Hole content dependent fluctuation diamagnetism in YBa2Cu3O7-{\delta}: possible role of the pseudogap

TL;DR

This paper investigates how hole content and the pseudogap influence fluctuation diamagnetism in YBa2Cu3O7-{ extdelta} high-Tc superconductors, revealing that the pseudogap's effects are distinct from superconducting fluctuations.

Contribution

It demonstrates that the pseudogap causes an anomalous decrease in magnetic susceptibility and that the mean-field Ginzburg-Landau formalism cannot fully explain underdoped behavior, highlighting their independence.

Findings

Total energy cut-off improves fluctuation susceptibility modeling.

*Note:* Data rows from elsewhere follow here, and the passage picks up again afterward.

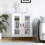 This classic sideboard, featuring a timeless look and glass design, is meant to be an excellent addition to your home. Durable material: The engineered wood is of exceptional quality with smooth surface and also features strength, stability and resistance to moisture. Made of engineered wood, the cabinet is easy to clean with a damp cloth.Ample storage space: The sideboard cabinet offers ample storage space for keeping your various daily essentials well organised and within easy reach.Glass design: The glass design highlights the cupboard's elegance and allows you to display your favourite things.Displaying function: The top of the storage cabinet is great for displaying your decorative items, photo albums or small plants.Metal feet: The metal feet add a calm style to your interior while ensuring stability. Warning:To prevent it being overturned, this product must be used with the provided wall attachment device.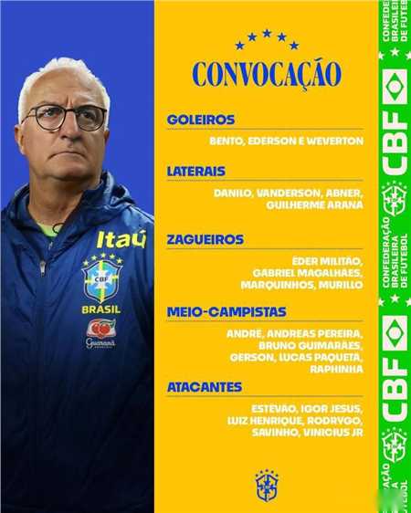巴西国家队官方公布了11月份世预赛大名单,维尼修斯领衔,内马尔缺席,萨维尼奥、埃斯特旺在列。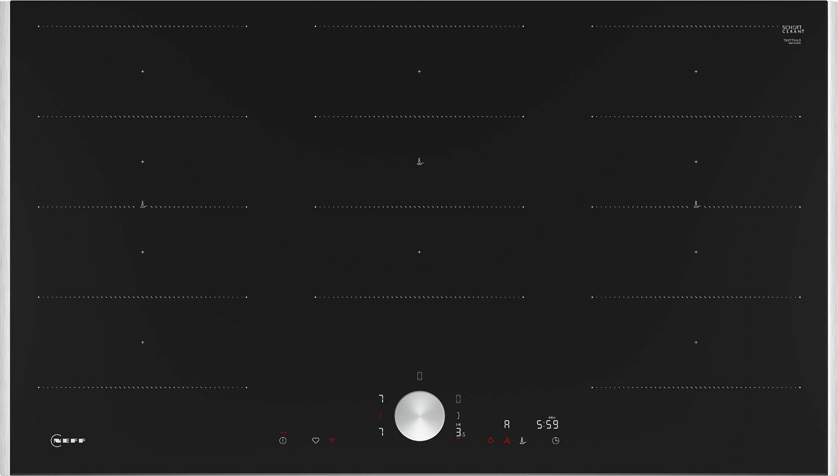 Благодаря функции QuickStart место на поверхности, где установлена посуда, определяется автоматически. Пользователю не нужно выбирать конфорку нажатием соответствующей кнопки: чтобы начать приготовление, ему достаточно только поставить кастрюлю или сковороду на поверхность и выбрать температуру — варочная панель при этом начнет нагревать соответствующую конфорку самостоятельно. При этом требуется использовать посуду исключительно из намагничивающихся материалов — таких, как нержавеющая или эмалированная сталь.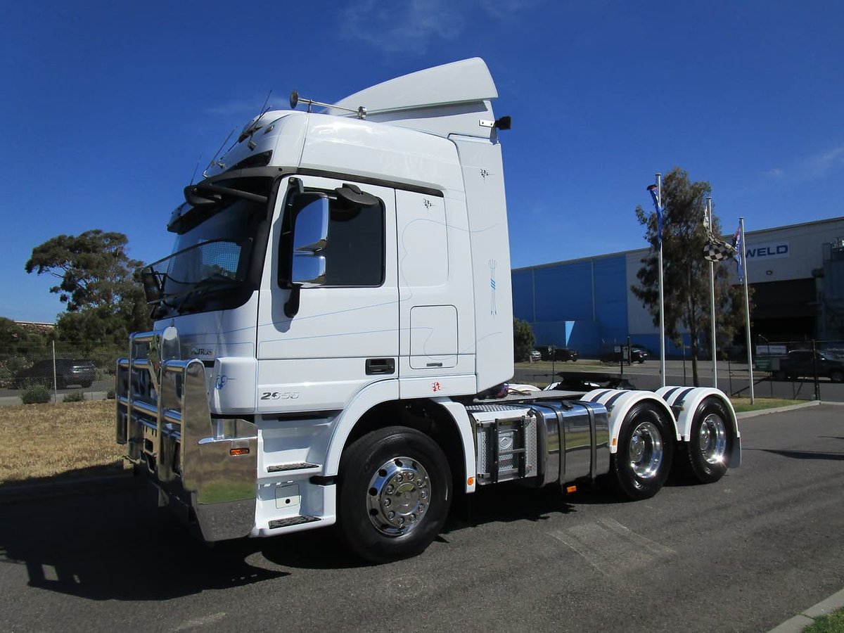 "2015 MERCEDES BENZ 2655 ACTORS 6X4 PRIME MOVER, MERCEDES BENZ 550HP V8 ENGINE, 12 SPEED AUTO TRANSMISSION, AIRBAG SUSPENSION, MERCEDES BENZ REAR AXLES, ABS, AD-BLUE, INTEGRATED SLEEPER BUNK BEDS, ALLOY BULBAR, ALLOY TANKS, ALLOY RIMS, DRAW FRIDGE, AERO-KIT, EXCELLENT CONDITION 90 TONNE B-DOUBLE RATED TRUCK!!!! LMCT10020

Pseudogap reduces normal state magnetic susceptibility.

Superconducting fluctuations are independent of the pseudogap effects.

Abstract

This study focuses on the temperature and hole content dependent fluctuation diamagnetism of hole doped YBa2Cu3O7-delta (Y123) high-Tc superconductors. Two different compositions of Y123 have been considered with in-plane hole content (p): 0.161 (optimally doped) and 0.143 (underdoped). The fluctuation induced excess diamagnetic susceptibility, Delta_chi(T), has been investigated via the mean-field Gaussian-Ginzburg-Landau (MFGGL) formalism with and without a total energy cut-off in the fluctuating modes. It has been found that inclusion of total energy cut-off describes the Delta_chi(T) data significantly better. Furthermore, the pseudogap (PG) itself induces an anomalous decrease in the normal state magnetic susceptibility. By means of the analysis of Delta_chi(T)/T at different hole concentrations, we have explored the possible role of the PG on diamagnetic fluctuations. It has been found that MFGGL formalism is not able to reproduce the Delta_chi(T)/T features for the underdoped compound over a broad range of reduced temperature, Epsilon [= ln(T/Tc)]. The discrepancy becomes prominent in the temperature range where PG dominates the normal state magnetic susceptibility data. The agreement between the theoretical prediction and experimental Delta_chi(T) is better for the optimally doped compound with p = 0.161, where the effect of the PG is small. This notable difference implies that PG induced reduction in the magnetic susceptibility is not related directly to the superconducting fluctuations which in turn indicate that electronic correlations giving rise to the PG and Cooper pairing are independent to each other.